▶ _YOUR INSTRUCTIONS_
The data below should be retyped exactly, with the pictures left out.

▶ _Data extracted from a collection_
┄┄┄┄┄┄┄┄┄┄
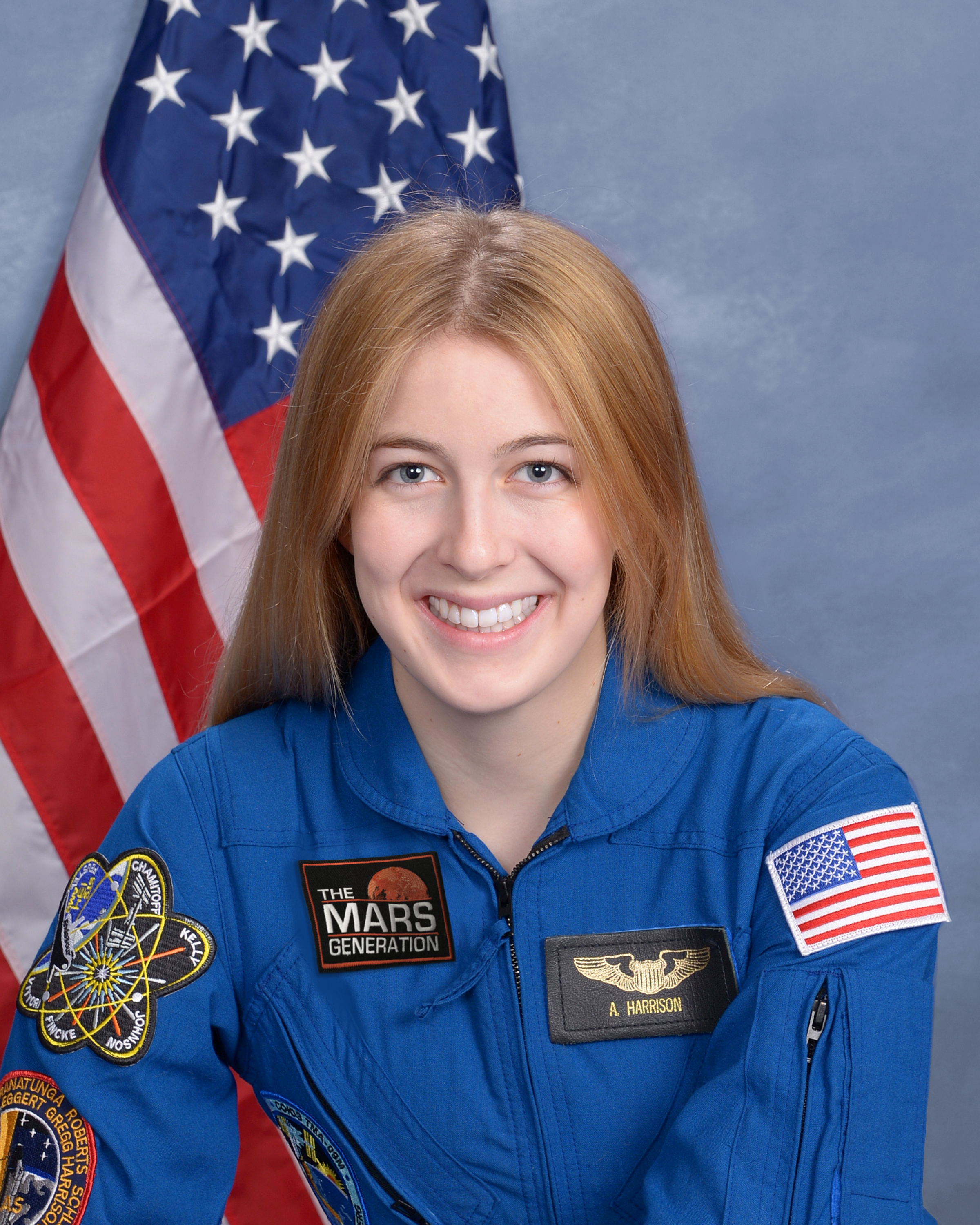 Official Astronaut Abby Photo
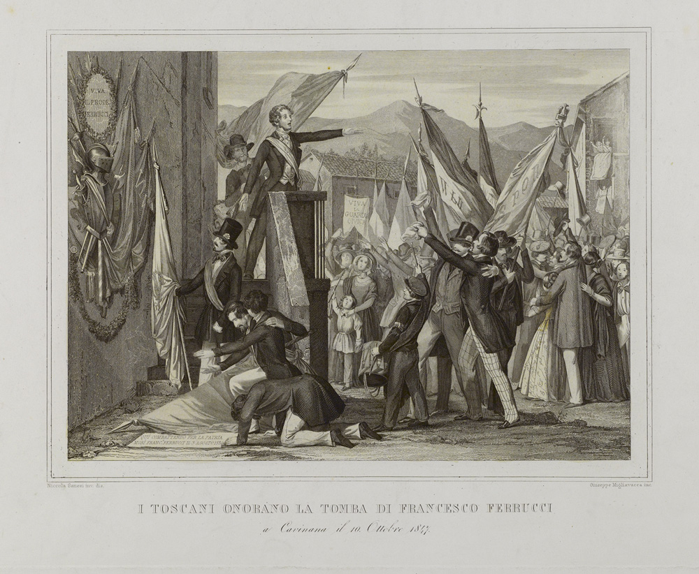 Toscani Honoring the Tomb of Francesco Ferrucci
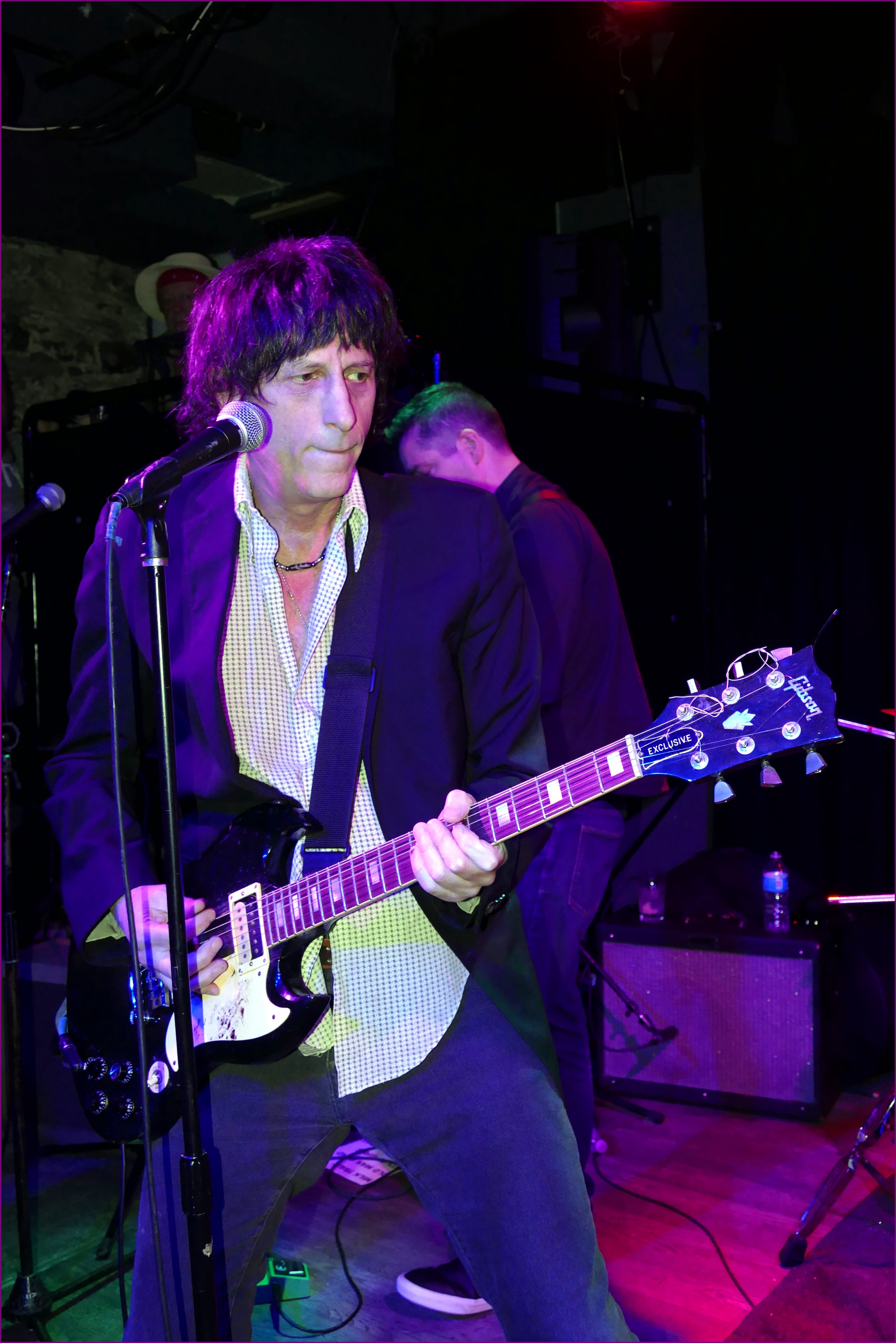 Max's Kansas City Festival 2017-Bowery Electric
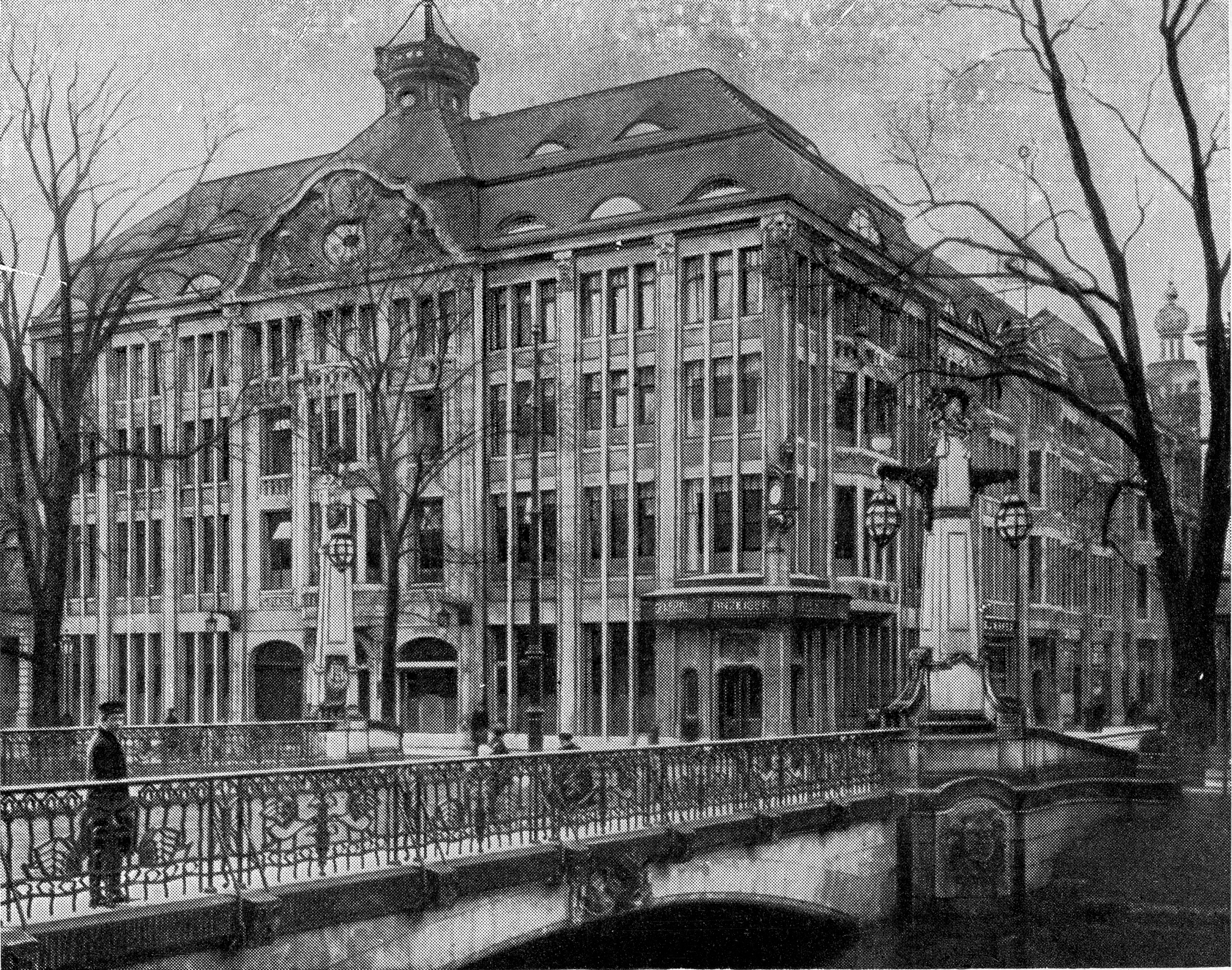 t
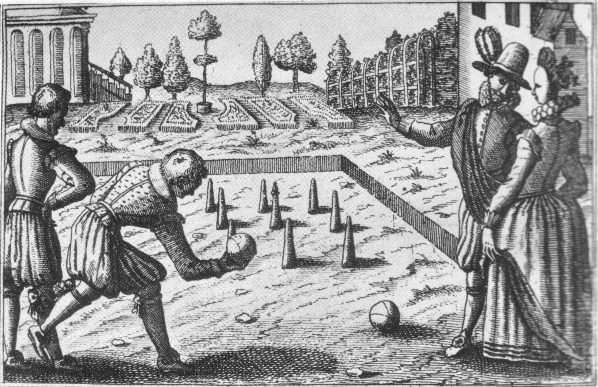 Woodcut of lawn bowling
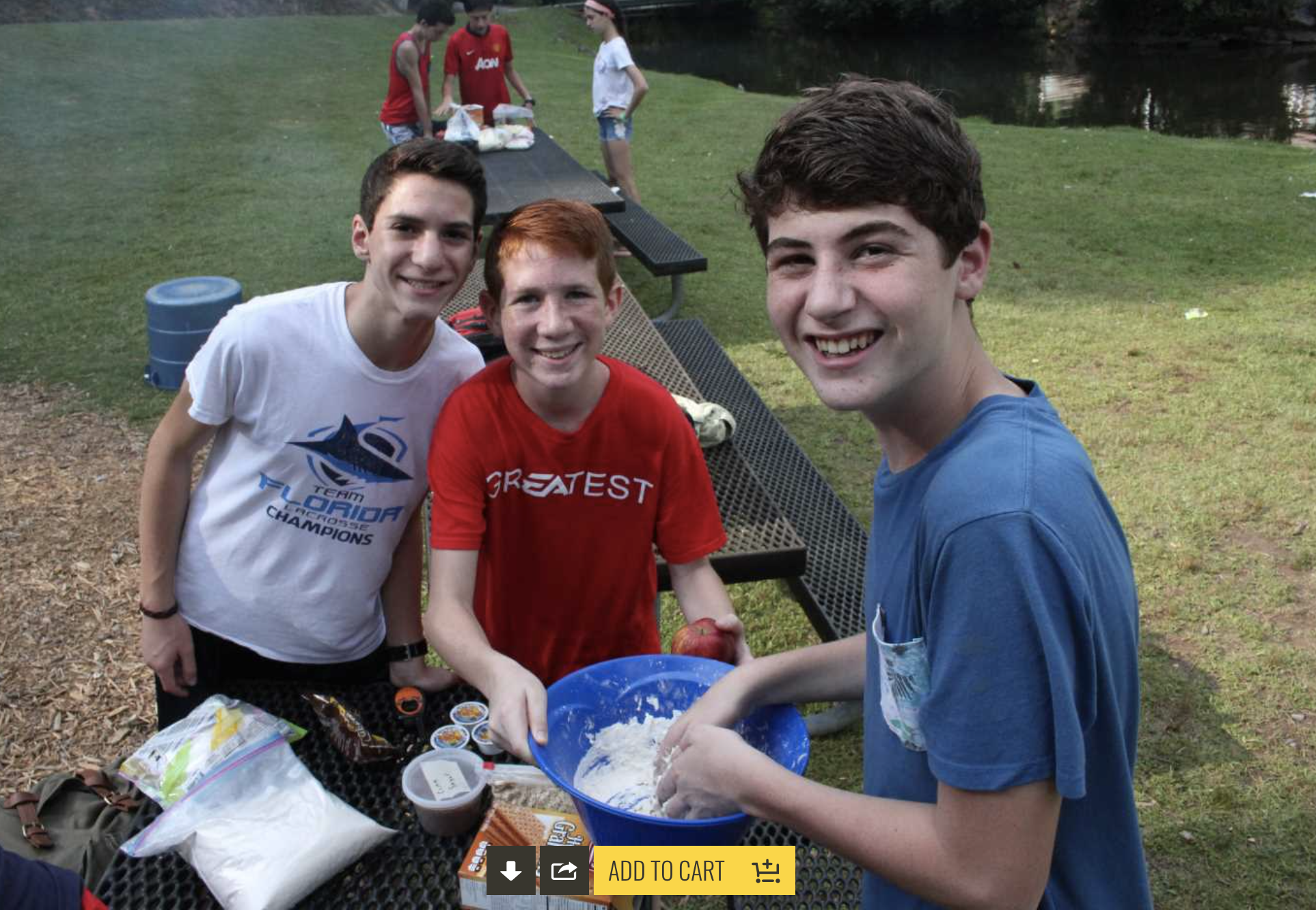 Campers Josh Vlessing, Avery Isan, and Ari Weiss having fun while preparing dough to cook over the campfire.
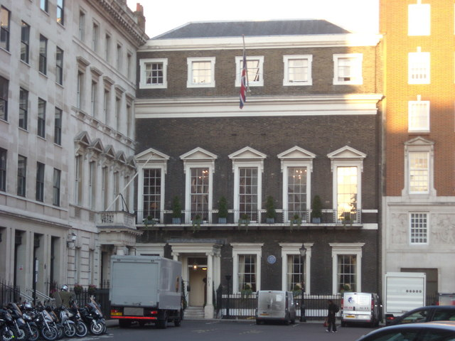 Another Gentleman's Club, St James's Square. The stone-faced white building in the corner at left is 5, St James's Square, anciently "Wentworth House", built 1748-51 by William Wentworth, 2nd Earl of Strafford (1722–1791) to the design of Matthew Brettingham The Elder.[1]
┄┄┄┄┄┄┄┄┄┄
▶ _TASK SOLUTION_
 Official Astronaut Abby Photo
 Toscani Honoring the Tomb of Francesco Ferrucci
 Max's Kansas City Festival 2017-Bowery Electric
 t
 Woodcut of lawn bowling
 Campers Josh Vlessing, Avery Isan, and Ari Weiss having fun while preparing dough to cook over the campfire.
 Another Gentleman's Club, St James's Square. The stone-faced white building in the corner at left is 5, St James's Square, anciently "Wentworth House", built 1748-51 by William Wentworth, 2nd Earl of Strafford (1722–1791) to the design of Matthew Brettingham The Elder.[1]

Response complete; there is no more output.